Task requirements → Copy exactly, and copy nothing else: the line that contains "Popis Cestovní příkaz A4, 100 listů, Optys" and all lines after it in the listing, without pictures.

Records for this task →
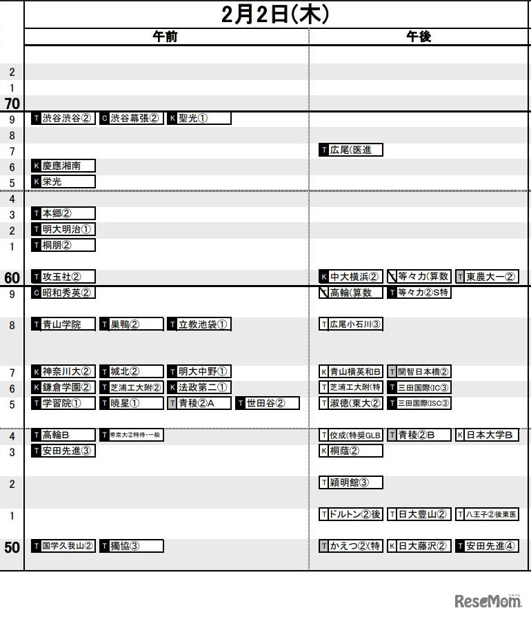 日能研は2022年12月5日、「2023年入試 予想R4一覧」の首都圏11月22日版、関西11月15日版、東海11月版を公表した。合格可能性80%ラインの偏差値は、開成(72)、筑波大駒場(72)、桜蔭(67)、女子学院(67)、灘(71)等。
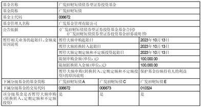广发基金管理有限公司(以下简称“本公司”)决定自2023年10月13日起,广发招财短债债券型证券投资基金(以下简称“本基金”)暂停机构投资者单日单个基金账户申购(含定期定额和不定额投资)及转换转入本基金合计超过100,000.00元的大额业务。即如机构投资者单日单个基金账户申购(含定期定额和不定额投资)及转换转入本基金的申请金额大于100,000.00元,则100,000.00元确认申购成功,超过100,000.00元(不含)金额的部分将有权确认失败;如机构投资者单日单个基金账户多笔累计申购(含定期定额和不定额投资)及转换转入本基金的金额大于100,000.00元,按申请金额从大到小排序,本公司将逐笔累加至100,000.00元的申请确认成功,其余超出部分的申请金额本公司有权确认失败。
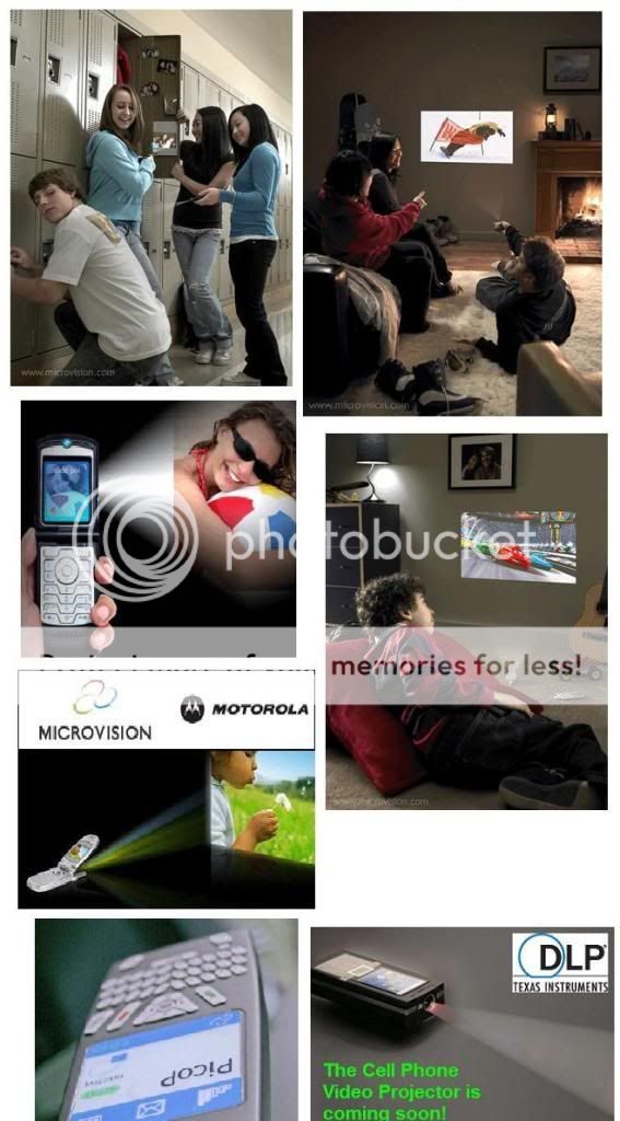PicoP in expansion of future project its will work along with company mobile phone MOTOROLA to countersink the PicoP technology into mobile phone of motorola. The side of Motorola self also had agreed if their mobile phone they will be countersinked laser technology PicoP because will assist the users their mobile phone to do presentation and demo, but unhappily has not been known surely when Motorola will start markets capable mobile phone of projector laser. And have time to be estimated mobile phone will emerge in marketing in the year 2009 coming. Where as MICROVISION company also accessories design for projector PCs and game consoles which will emerge in year-end 2008.
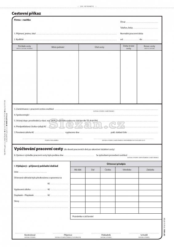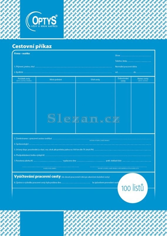 Popis Cestovní příkaz A4, 100 listů, Optys
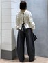 ブラウス ◎デザイン性があり1枚でも映える! ◎前後2wayで着れる! ◎着丈は長すぎないのでボトムとのバランスがとりやすい! ◎合わせるインナーを変えることでロングシーズン着回せる! デニム ◎ヒップから裾にかけてカーブしたシルエット ◎ウエストにはタック入り! タックが入っていることで立体的なシルエットに仕上がり、スッキリ見えする! ◎股上深め ◎短丈トップスとも相性GOOD!!バランスよく仕上がる! ◎カラーにより雰囲気が違うので色違いで持っていても着回せる!
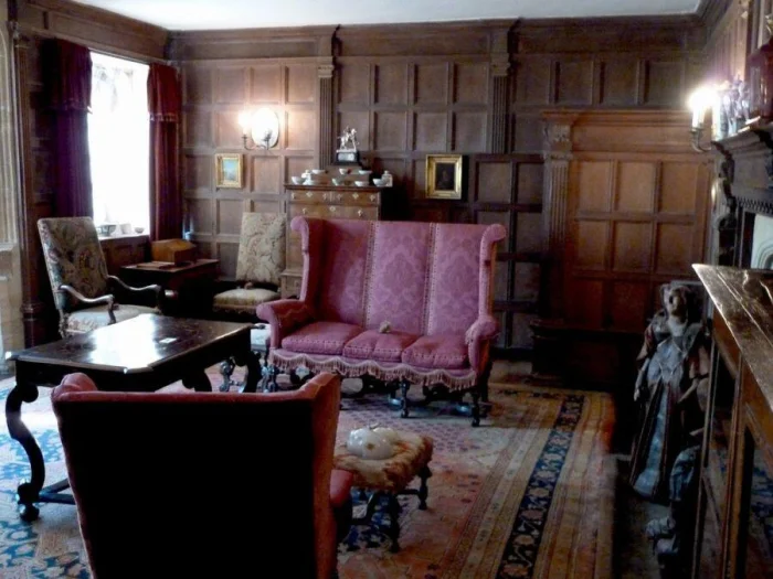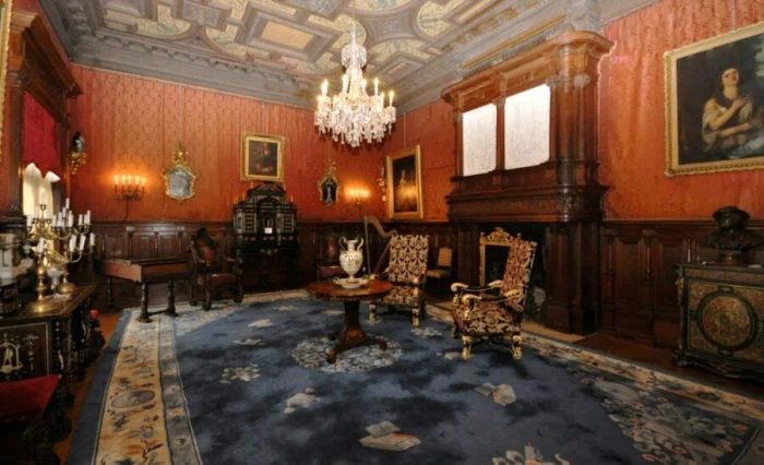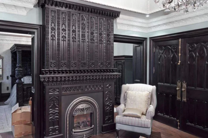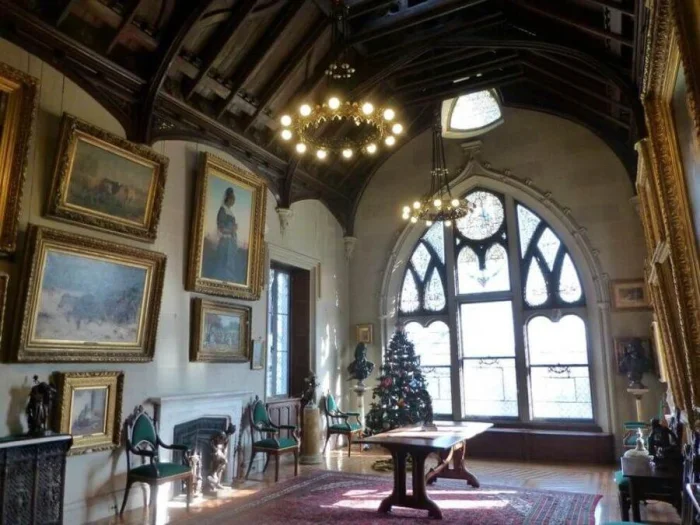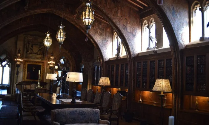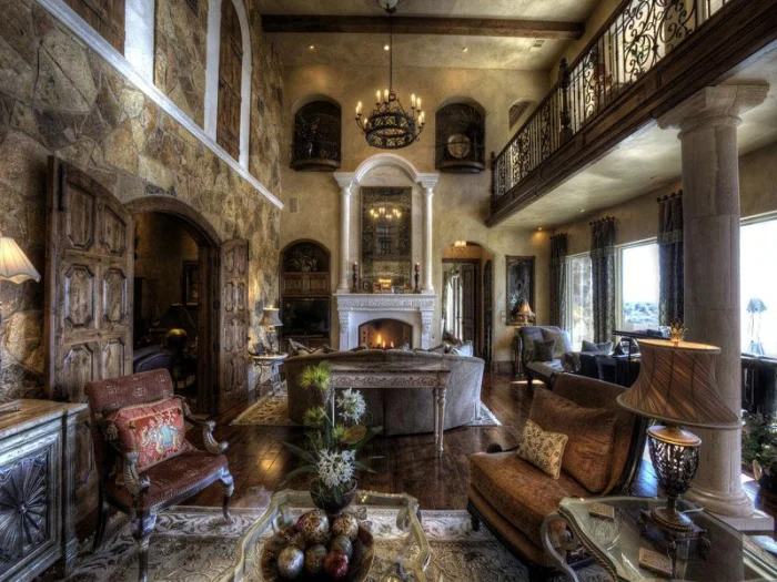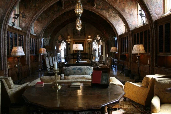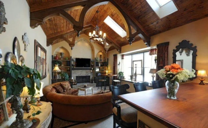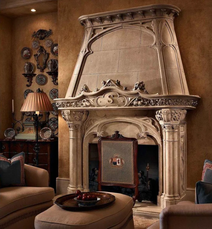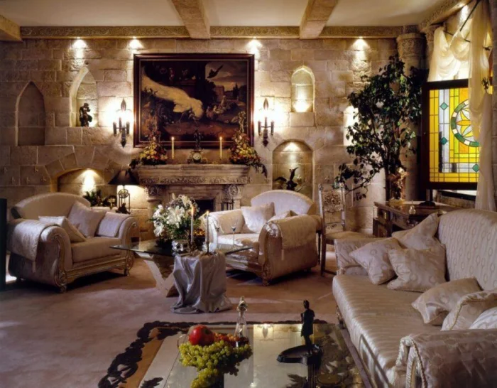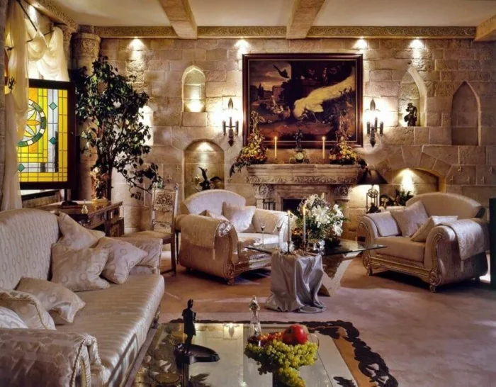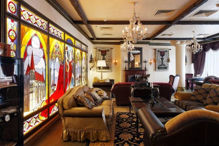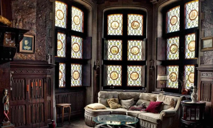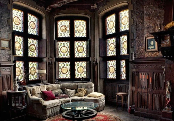 Здесь в ход идёт миниатюризация. Камин может напоминать крошечный замок с башенками. Витраж — быть не только в окне, но и в дверцах шкафа, в столешнице. Сюжеты — рыцари, замки, мифические существа. На стенах — гобелены или картины, стилизованные под средневековую живопись. Шторы — только из плотного, дорогого текстиля: бархат, парча, тяжёлый шёлк.
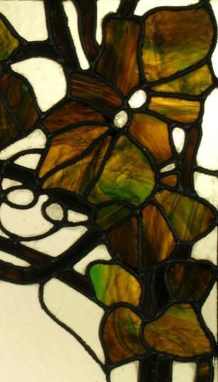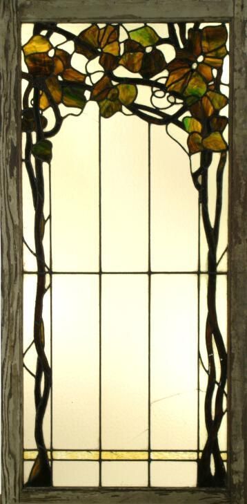 Material: Leaded Glass; Muffled Glass; Kokomo Glass (in vines and grapeleaves). Fir sash.Lexicon
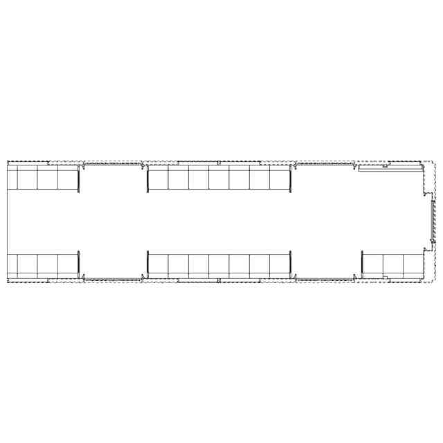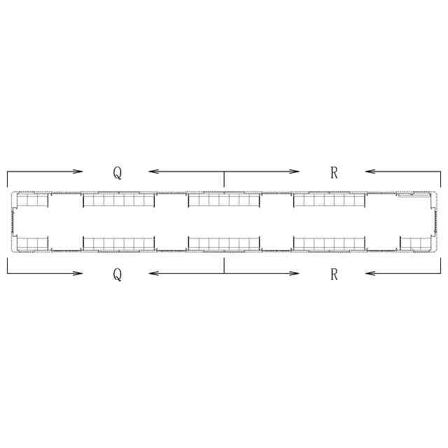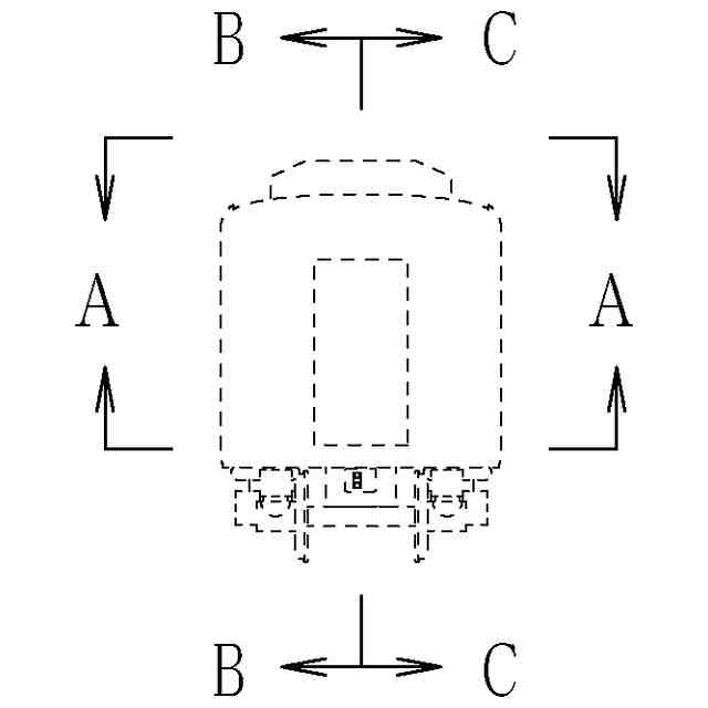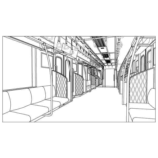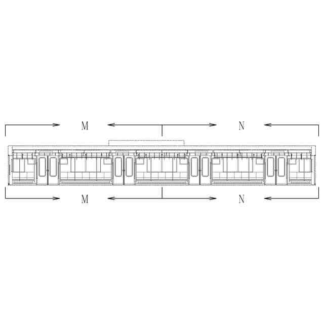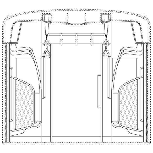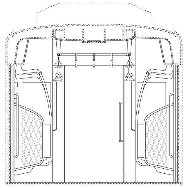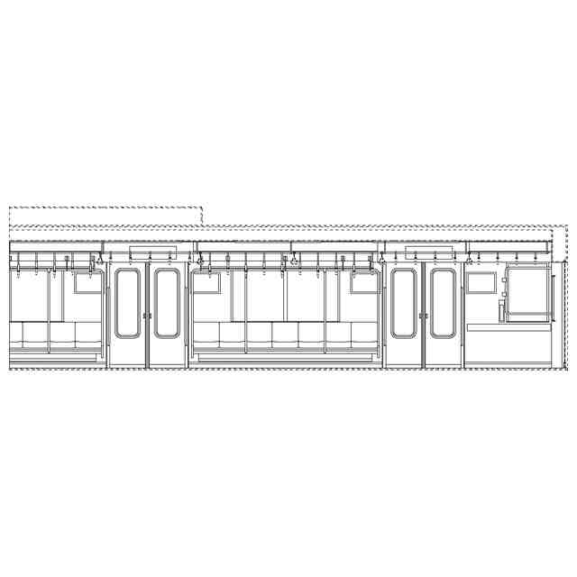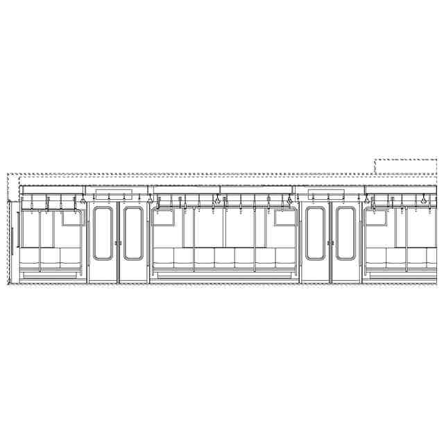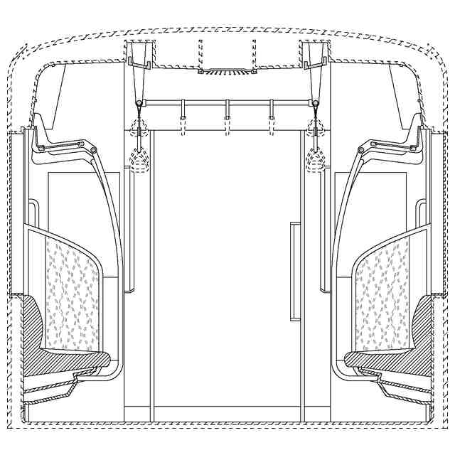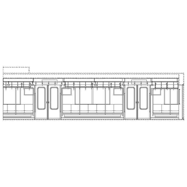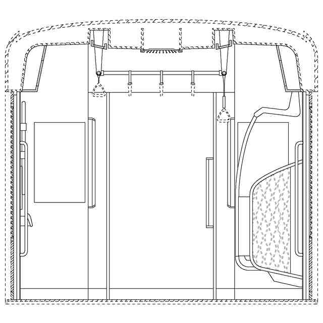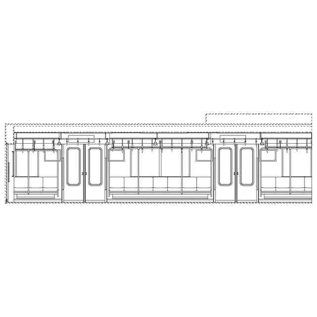 実線で示した部分が、部分意匠として意匠登録を受けようとする部分である。各断面図を含めて部分意匠として意匠登録を受けようとする部分を特定している。透明部を示す各参考断面図において、薄墨で示した各袖仕切りのパネル面、各窓、通路ドアの平板面部分は透明である。

Task response →
 Popis Cestovní příkaz A4, 100 listů, Optys
 ブラウス ◎デザイン性があり1枚でも映える! ◎前後2wayで着れる! ◎着丈は長すぎないのでボトムとのバランスがとりやすい! ◎合わせるインナーを変えることでロングシーズン着回せる! デニム ◎ヒップから裾にかけてカーブしたシルエット ◎ウエストにはタック入り! タックが入っていることで立体的なシルエットに仕上がり、スッキリ見えする! ◎股上深め ◎短丈トップスとも相性GOOD!!バランスよく仕上がる! ◎カラーにより雰囲気が違うので色違いで持っていても着回せる!
 Здесь в ход идёт миниатюризация. Камин может напоминать крошечный замок с башенками. Витраж — быть не только в окне, но и в дверцах шкафа, в столешнице. Сюжеты — рыцари, замки, мифические существа. На стенах — гобелены или картины, стилизованные под средневековую живопись. Шторы — только из плотного, дорогого текстиля: бархат, парча, тяжёлый шёлк.
 Material: Leaded Glass; Muffled Glass; Kokomo Glass (in vines and grapeleaves). Fir sash.Lexicon
 実線で示した部分が、部分意匠として意匠登録を受けようとする部分である。各断面図を含めて部分意匠として意匠登録を受けようとする部分を特定している。透明部を示す各参考断面図において、薄墨で示した各袖仕切りのパネル面、各窓、通路ドアの平板面部分は透明である。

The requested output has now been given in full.